Both the playoffs and the regular season increased their average scoring margin at a similar clip between those two time periods. The regular season’s points per game grew by 9.1% over the sampled seasons, and the playoffs’ points per game grew by 10%.
The same isn’t true for the average scoring margin. During the 2009-15 time frame, both the playoffs and the regular season averaged a scoring margin of 11. In the seven years that followed, however, the regular season’s average scoring margin increased 5.8% to 11.6 and the playoffs increased 17.3% to 12.9, growth spurts incongruous with the more consistent change in points per game totals.
So what happened? The home-court advantage might be playing a bigger role during the playoffs. Since the 2002-03 season, home teams have an average point differential of +4.3 in the playoffs, up 54% from +2.8 in the regular season. This difference in home-court advantage could be magnified when coupled with larger points per game totals.
The 2020 playoffs held in a COVID-19 bubble can be treated as a makeshift control group. That year every playoff game was played on a neutral court at Disney World, and, notably, it’s the only year of the past seven that didn’t reach the 12-point scoring margin watermark discussed earlier.
In fact, the 11.6 average scoring margin during the 2020 playoffs lines up nicely with the 11.6 average margin found during the regular season over the past seven seasons. Because neutral site games had lower scoring margins, there’s potential evidence that playoff home-court advantage is more crucial in a higher-scoring, 3-point-shot friendly NBA.
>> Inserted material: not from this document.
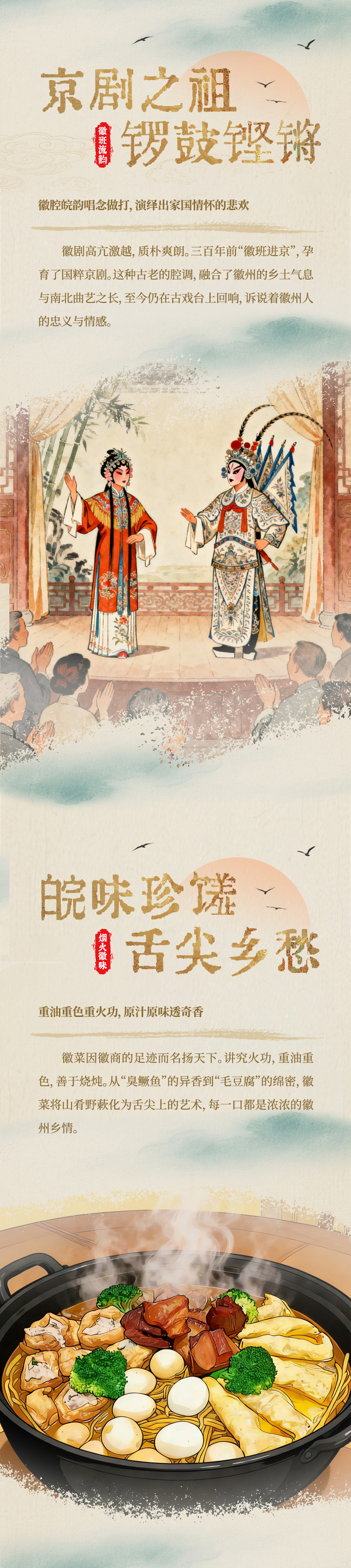从徽韵皖风到江河脉动,从戏韵流转到运河遗响,安徽的文化星空浩瀚而独特。徽州文化、长江文化、淮河文化、大运河文化、黄梅戏文化,五大脉络在此交汇,绘就一幅动静相宜、南北交融的人文版图。由安徽省委网信办主办、凤凰网安徽频道承办的“AI 定格 AH (安徽) 网络正能量主题传播活动”以数字画笔激活文化基因,让古老智慧在当代屏幕间重新流淌、生生不息。

Ultimately, a slew of factors could impact the rise in playoff blowouts. The Warriors’ road beatdown of the Celtics to clinch the title in Boston anecdotally suggests that home-court advantage isn’t everything.
Beyond home-court advantage, other culprits may be more difficult to diagnose with data—such as general player wear-and-tear throughout a long season or the effects of playoff travel—and would require a deeper analysis.
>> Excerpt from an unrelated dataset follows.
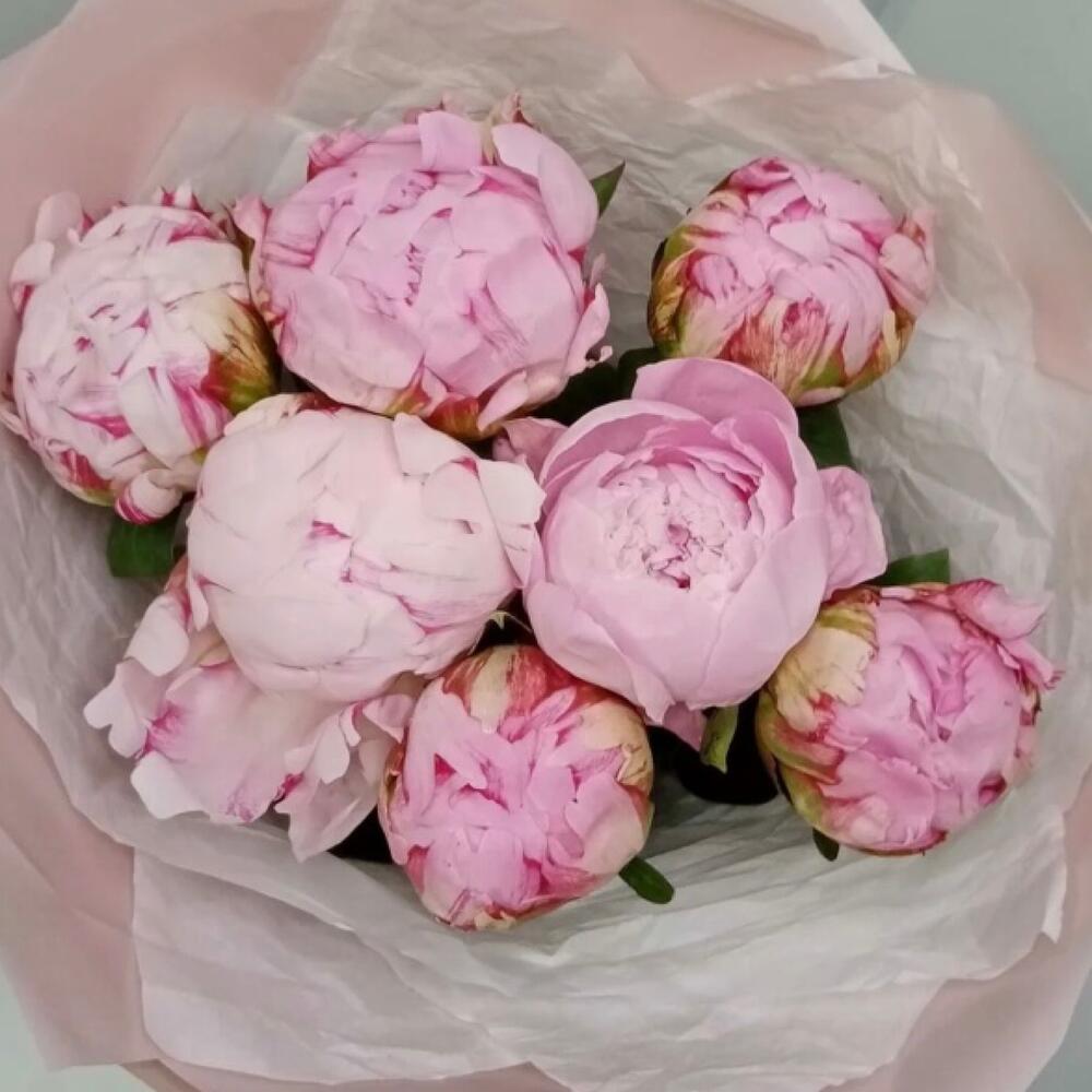 Лента атласная – 1 шт.Упаковка дизайнерская – 4 шт.пионы сара бернар – 7 шт.

Series went longer on average this postseason
Despite the higher rate of blowouts, there is one silver lining to the 2022 NBA Playoffs: This postseason was more competitive than other blowout-heavy years, at least when looking at the data on a series level.
The average length for a series this year was 5.8 games. This average is one of the highest in recent years—only 2014’s 5.93 average beats it in the past 12 postseasons. To top it off, there was also only one sweep this year—Boston over Brooklyn in the first round—a low last equaled in 2014.
The competition was still fierce this year team-by-team; it was just individual games that were more one-sided than in years past. Of course, that may provide little consolation to the average NBA viewer. Competitive games are more engaging to watch, no matter how long a particular series goes.
Fans will just have to wait and see if next year bucks the blowout trend.